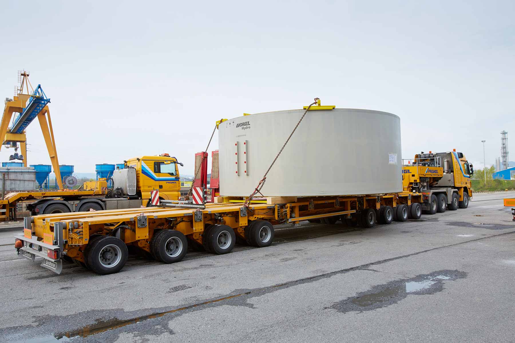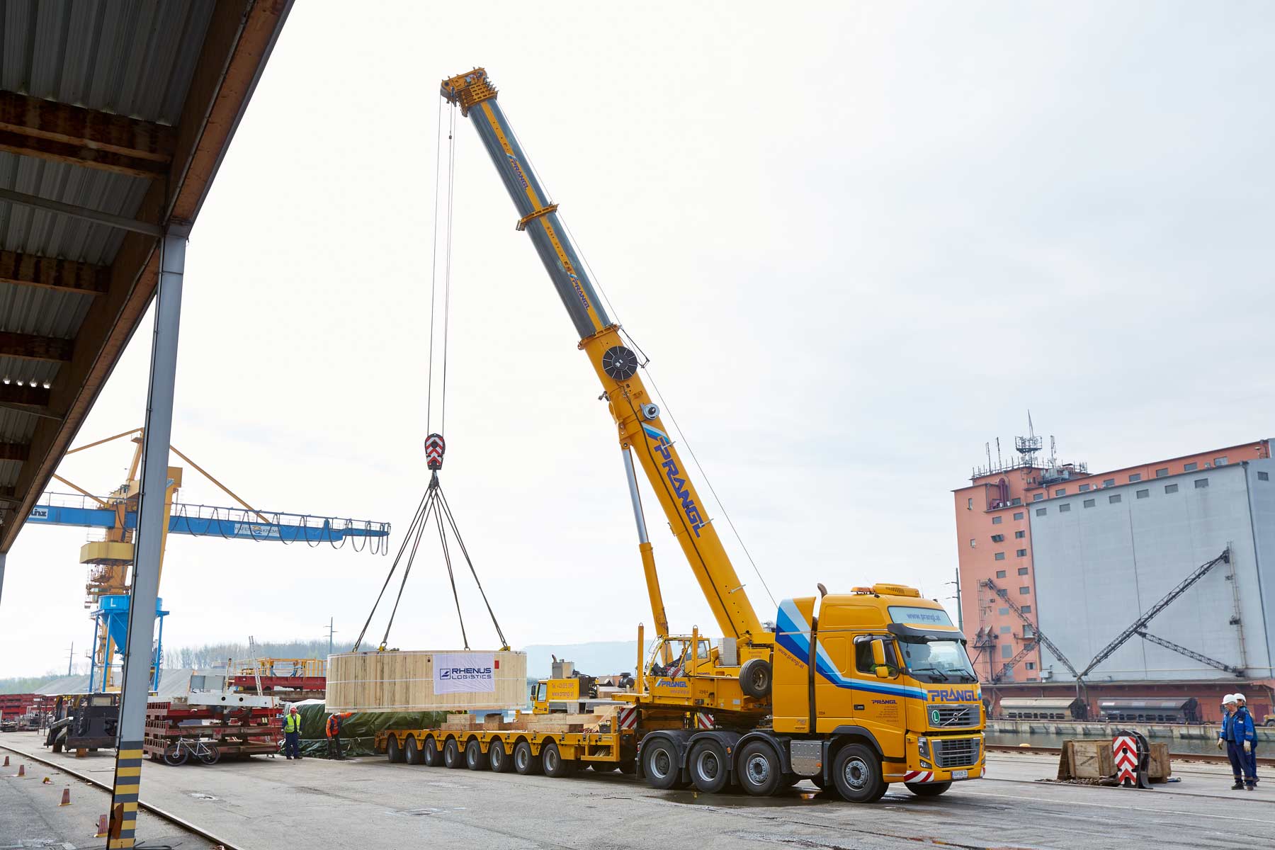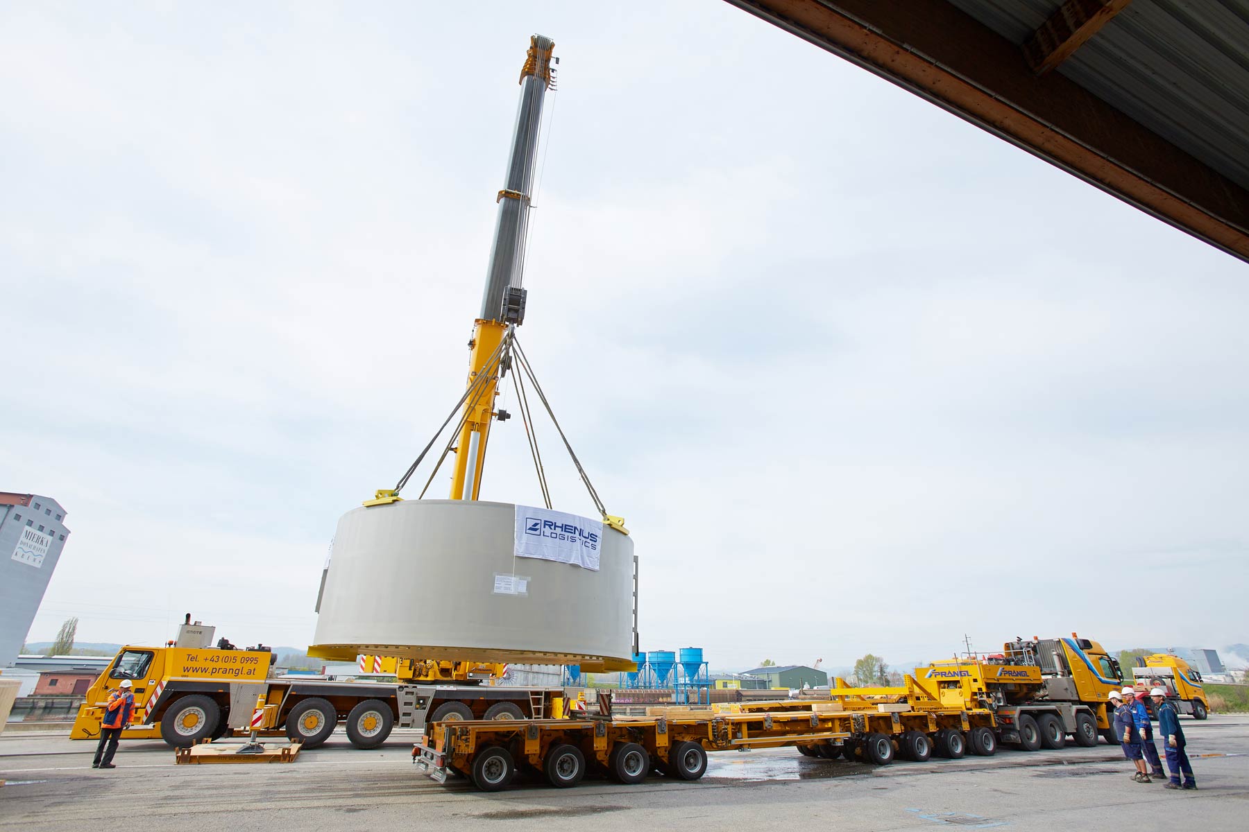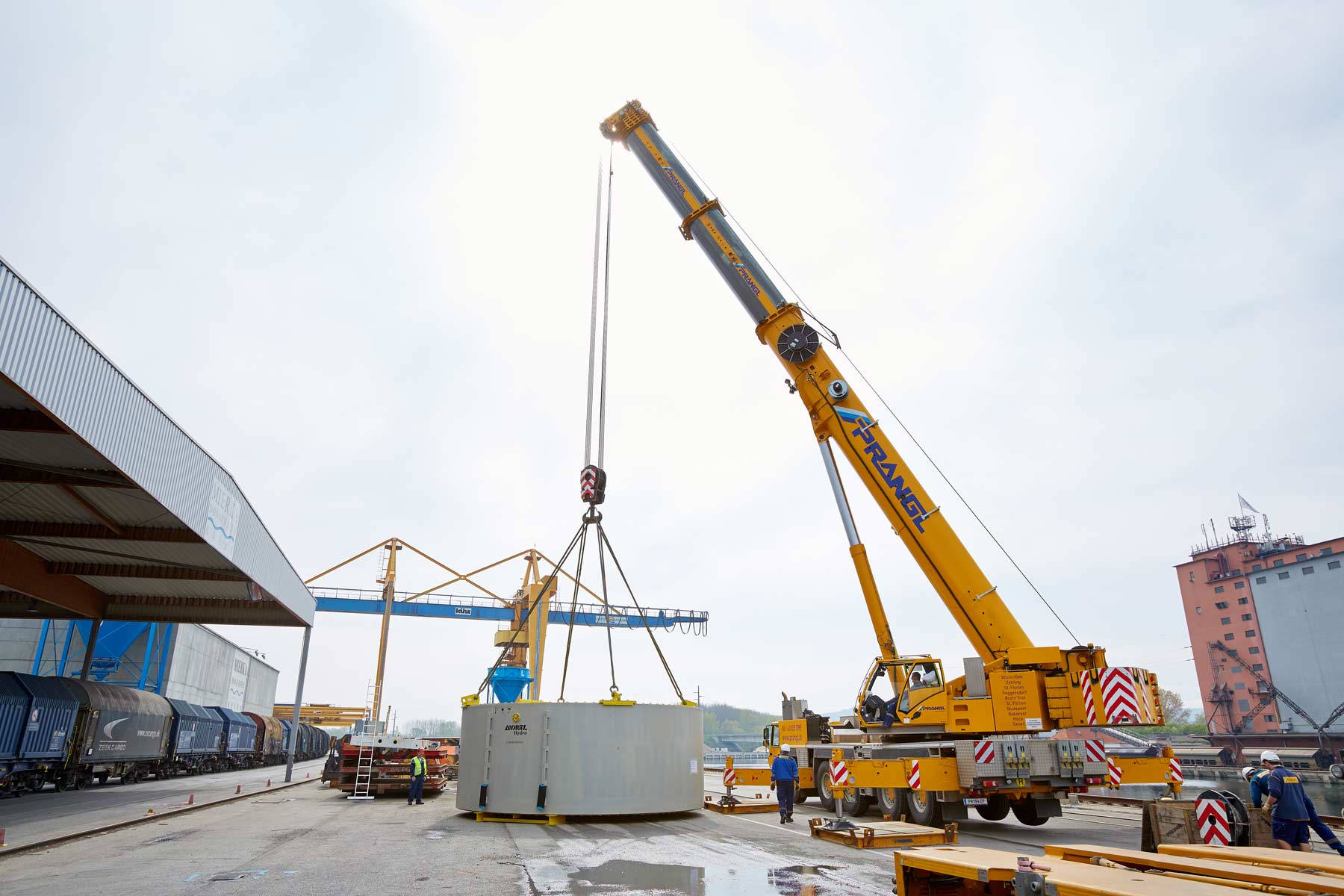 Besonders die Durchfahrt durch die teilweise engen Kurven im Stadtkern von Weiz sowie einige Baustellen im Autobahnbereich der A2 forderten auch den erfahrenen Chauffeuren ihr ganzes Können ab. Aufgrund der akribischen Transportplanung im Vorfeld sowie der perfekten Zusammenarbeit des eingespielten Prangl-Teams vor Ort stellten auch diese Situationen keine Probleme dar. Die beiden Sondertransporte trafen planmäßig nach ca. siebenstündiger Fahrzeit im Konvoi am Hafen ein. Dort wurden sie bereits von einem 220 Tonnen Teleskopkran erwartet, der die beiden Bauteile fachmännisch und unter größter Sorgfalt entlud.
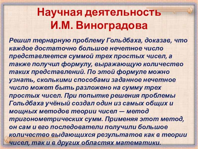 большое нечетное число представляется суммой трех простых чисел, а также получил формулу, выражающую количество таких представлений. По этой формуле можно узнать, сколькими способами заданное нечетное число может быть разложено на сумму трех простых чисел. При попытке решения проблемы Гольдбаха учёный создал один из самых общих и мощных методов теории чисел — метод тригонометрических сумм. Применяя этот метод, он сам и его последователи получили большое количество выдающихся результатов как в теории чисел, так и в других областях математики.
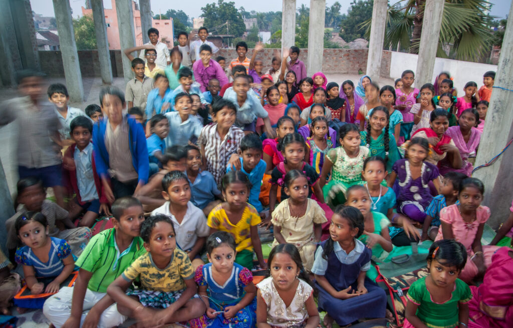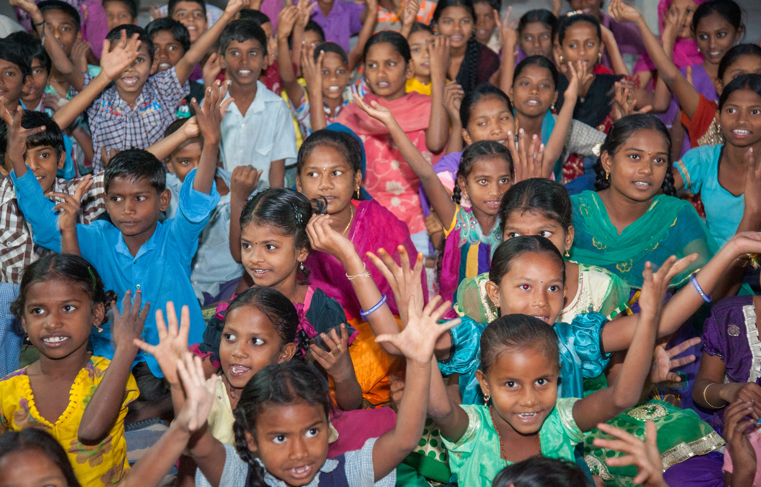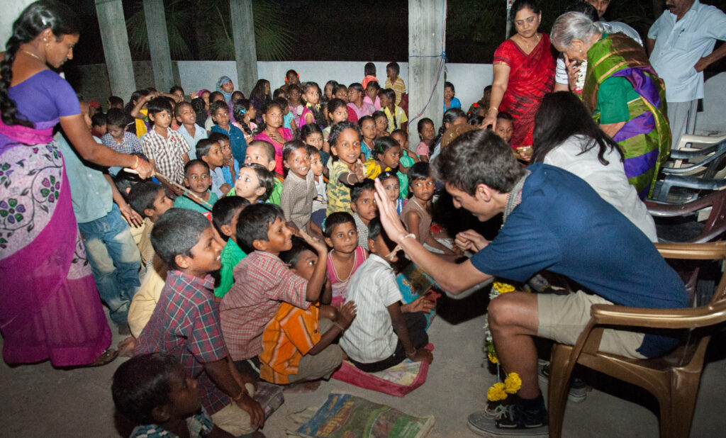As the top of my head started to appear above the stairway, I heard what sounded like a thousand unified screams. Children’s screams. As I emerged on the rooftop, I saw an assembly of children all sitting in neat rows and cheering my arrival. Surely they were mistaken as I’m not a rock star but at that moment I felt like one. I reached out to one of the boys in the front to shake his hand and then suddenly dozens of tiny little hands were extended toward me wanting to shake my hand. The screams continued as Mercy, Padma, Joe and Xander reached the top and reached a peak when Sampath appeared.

■ **TASK TO COMPLETE**
Leave out all pictures and extract exactly the lines from the line with "большое нечетное число" through the end of the material.

■ **THE ANSWER**
 большое нечетное число представляется суммой трех простых чисел, а также получил формулу, выражающую количество таких представлений. По этой формуле можно узнать, сколькими способами заданное нечетное число может быть разложено на сумму трех простых чисел. При попытке решения проблемы Гольдбаха учёный создал один из самых общих и мощных методов теории чисел — метод тригонометрических сумм. Применяя этот метод, он сам и его последователи получили большое количество выдающихся результатов как в теории чисел, так и в других областях математики.
As the top of my head started to appear above the stairway, I heard what sounded like a thousand unified screams. Children’s screams. As I emerged on the rooftop, I saw an assembly of children all sitting in neat rows and cheering my arrival. Surely they were mistaken as I’m not a rock star but at that moment I felt like one. I reached out to one of the boys in the front to shake his hand and then suddenly dozens of tiny little hands were extended toward me wanting to shake my hand. The screams continued as Mercy, Padma, Joe and Xander reached the top and reached a peak when Sampath appeared.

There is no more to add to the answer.